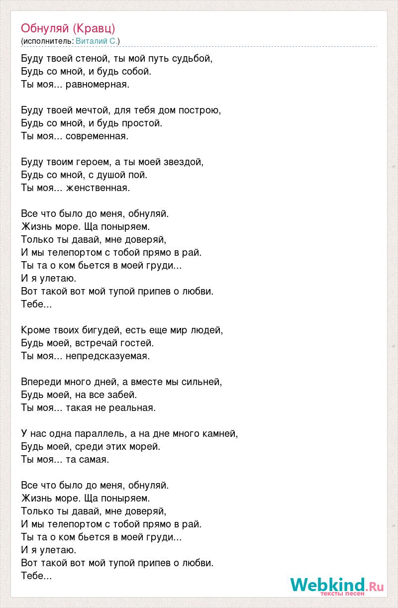 Буду твоей стеной, ты мой путь судьбой, Будь со мной, и будь собой. Ты моя... равномерная. Буду твоей мечтой, для тебя дом построю, Будь со мной, и будь простой. Ты моя... современная. Буду твоим героем, а ты моей звездой, Будь со мной, с душой пой. Ты моя... женственная. Все что было до меня, обнуляй. Жизнь море. Ща поныряем. Только ты давай, мне доверяй, И мы телепортом с тобой прямо в рай. Ты та о ком бьется в моей груди... И я улетаю. Вот такой вот мой тупой припев о любви. Тебе... Кроме твоих бигудей, есть еще мир людей, Будь моей, встречай гостей. Ты моя... непредсказуемая. Впереди много дней, а вместе мы сильней, Будь моей, на все забей. Ты моя... такая не реальная. У нас одна параллель, а на дне много камней, Будь моей, среди этих морей. Ты моя... та самая. Все что было до меня, обнуляй. Жизнь море. Ща поныряем. Только ты давай, мне доверяй, И мы телепортом с тобой прямо в рай. Ты та о ком бьется в моей груди... И я улетаю. Вот такой вот мой тупой припев о любви. Тебе...
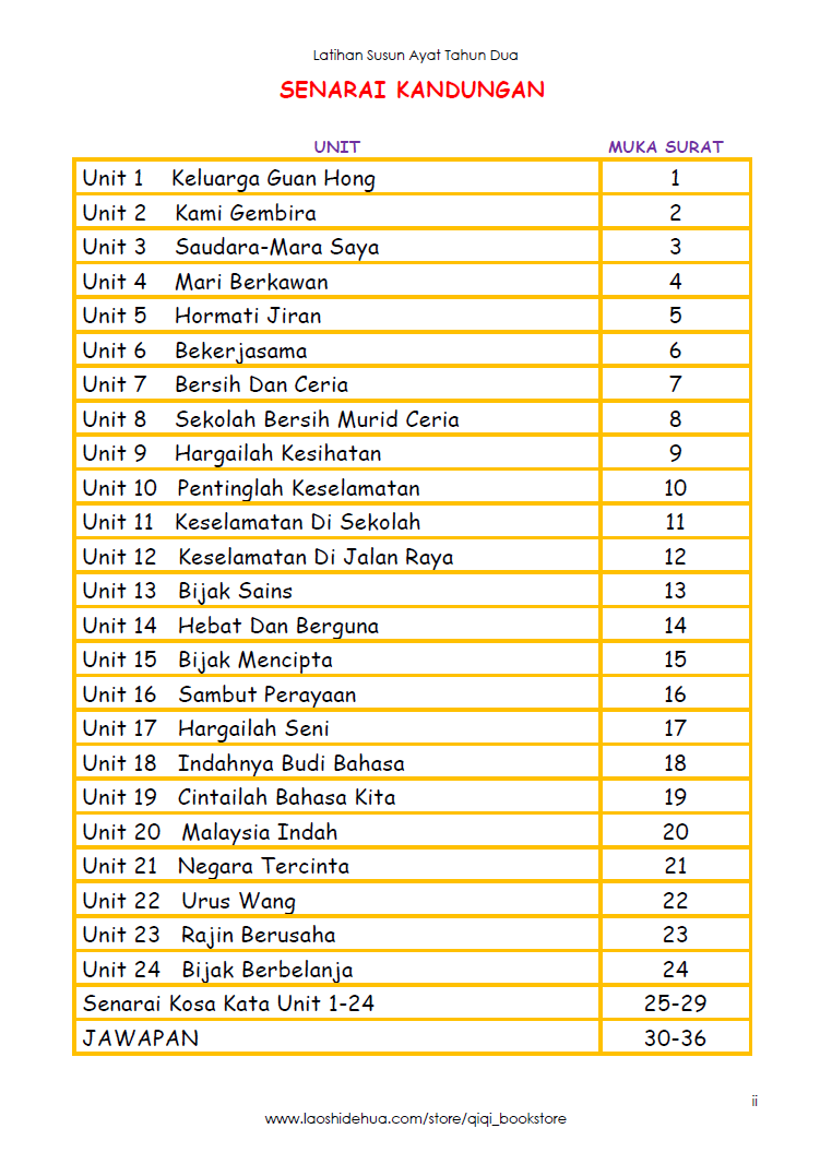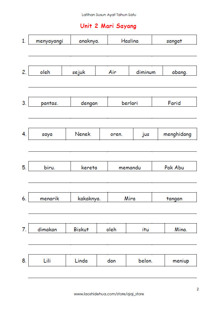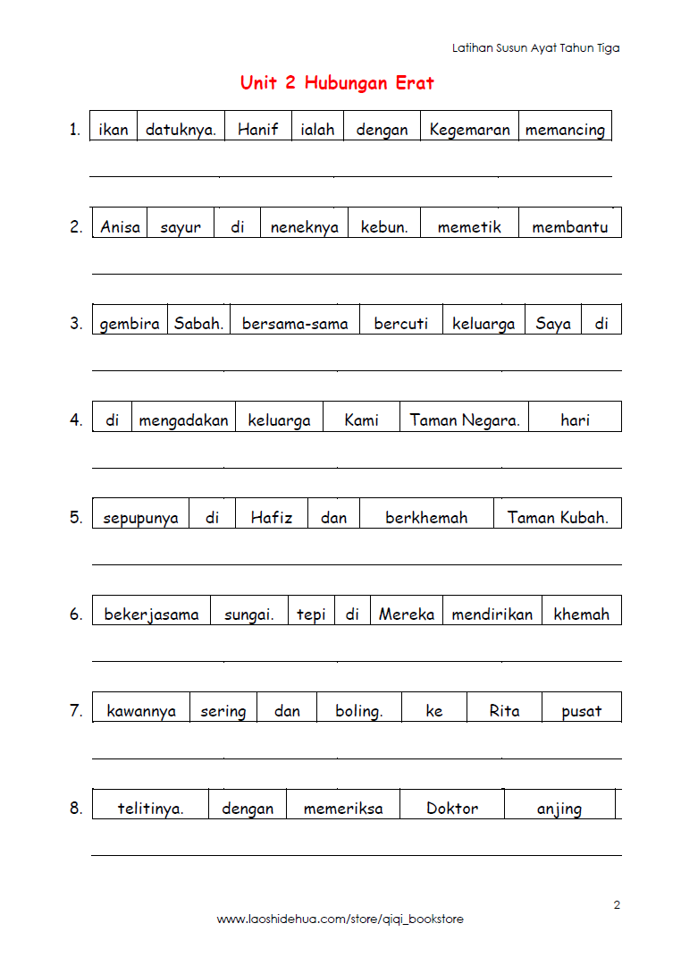 【Tahun 2】Latihan Susun Ayat Mengikut Unit
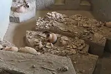 This site has often been called a "cemetery site", but research has suggested that the deceased were buried next to or beneath dwellings. This practice is called residential burial.[6]
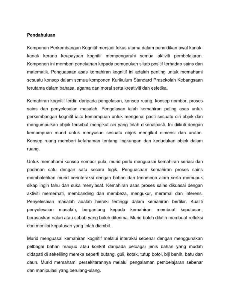 Pdf Perkembangan Kognitif Awal Kanak Kanak Perbandingan Antara Taska Rusmailani Ab Aziz Academia Edu

==============================

Only the pictures are to be omitted; restate everything else above exactly.

* _Output of the task_:
 Буду твоей стеной, ты мой путь судьбой, Будь со мной, и будь собой. Ты моя... равномерная. Буду твоей мечтой, для тебя дом построю, Будь со мной, и будь простой. Ты моя... современная. Буду твоим героем, а ты моей звездой, Будь со мной, с душой пой. Ты моя... женственная. Все что было до меня, обнуляй. Жизнь море. Ща поныряем. Только ты давай, мне доверяй, И мы телепортом с тобой прямо в рай. Ты та о ком бьется в моей груди... И я улетаю. Вот такой вот мой тупой припев о любви. Тебе... Кроме твоих бигудей, есть еще мир людей, Будь моей, встречай гостей. Ты моя... непредсказуемая. Впереди много дней, а вместе мы сильней, Будь моей, на все забей. Ты моя... такая не реальная. У нас одна параллель, а на дне много камней, Будь моей, среди этих морей. Ты моя... та самая. Все что было до меня, обнуляй. Жизнь море. Ща поныряем. Только ты давай, мне доверяй, И мы телепортом с тобой прямо в рай. Ты та о ком бьется в моей груди... И я улетаю. Вот такой вот мой тупой припев о любви. Тебе...
 【Tahun 2】Latihan Susun Ayat Mengikut Unit
 This site has often been called a "cemetery site", but research has suggested that the deceased were buried next to or beneath dwellings. This practice is called residential burial.[6]
 Pdf Perkembangan Kognitif Awal Kanak Kanak Perbandingan Antara Taska Rusmailani Ab Aziz Academia Edu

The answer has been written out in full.